EXERCISE DIRECTIONS: Copy every line of the entries that includes the word "tool".

SUPPLIED DATA:
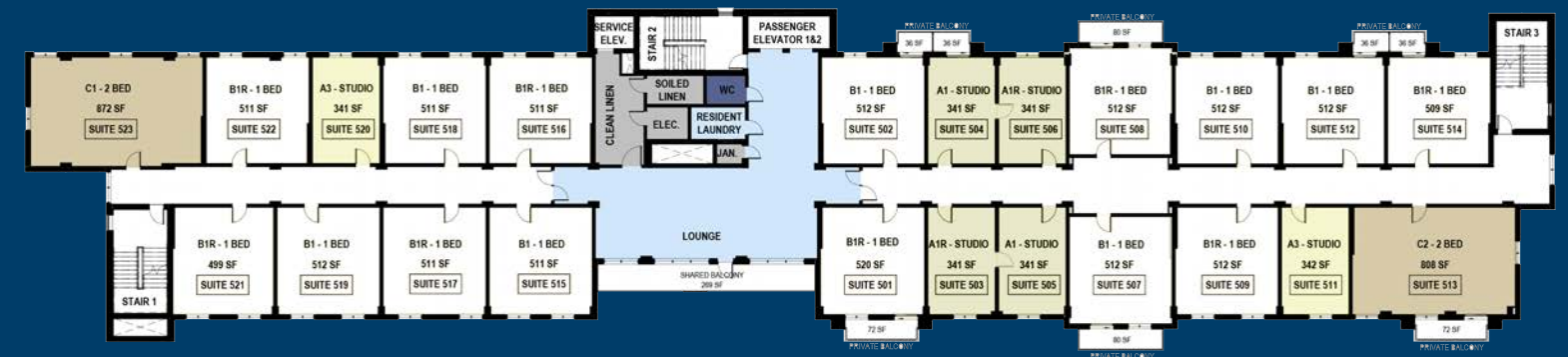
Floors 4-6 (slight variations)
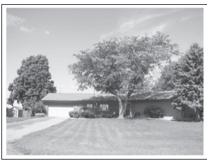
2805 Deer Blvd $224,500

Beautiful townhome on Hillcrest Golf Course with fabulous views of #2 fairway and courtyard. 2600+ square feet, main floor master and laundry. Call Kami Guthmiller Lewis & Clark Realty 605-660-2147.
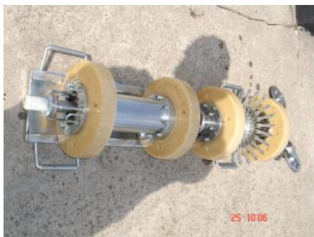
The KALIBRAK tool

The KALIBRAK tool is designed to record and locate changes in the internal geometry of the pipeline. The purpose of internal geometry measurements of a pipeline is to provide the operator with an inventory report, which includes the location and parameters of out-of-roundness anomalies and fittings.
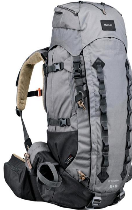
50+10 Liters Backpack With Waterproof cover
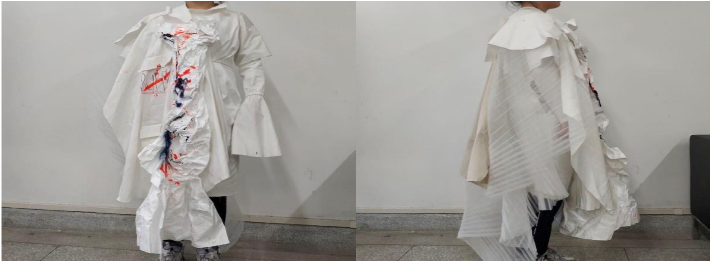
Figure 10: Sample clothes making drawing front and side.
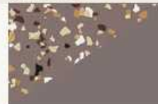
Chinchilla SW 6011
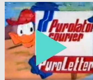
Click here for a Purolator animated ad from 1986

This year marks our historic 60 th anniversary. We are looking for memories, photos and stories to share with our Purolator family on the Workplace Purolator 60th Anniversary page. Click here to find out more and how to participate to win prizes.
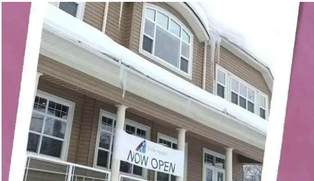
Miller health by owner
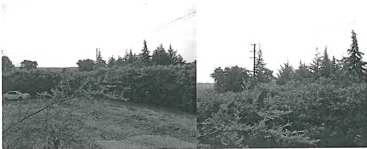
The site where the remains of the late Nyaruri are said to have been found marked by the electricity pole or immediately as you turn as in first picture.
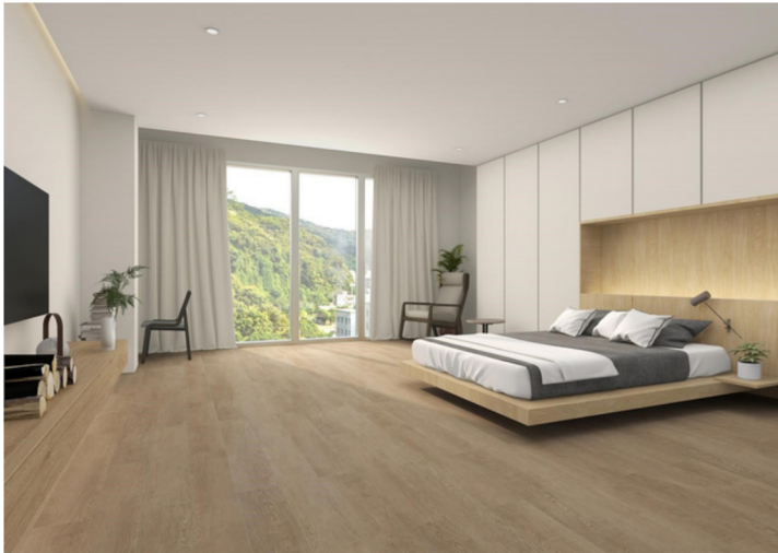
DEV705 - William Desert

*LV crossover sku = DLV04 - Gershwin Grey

RESULT OF THIS TASK:
The KALIBRAK tool
The KALIBRAK tool is designed to record and locate changes in the internal geometry of the pipeline. The purpose of internal geometry measurements of a pipeline is to provide the operator with an inventory report, which includes the location and parameters of out-of-roundness anomalies and fittings.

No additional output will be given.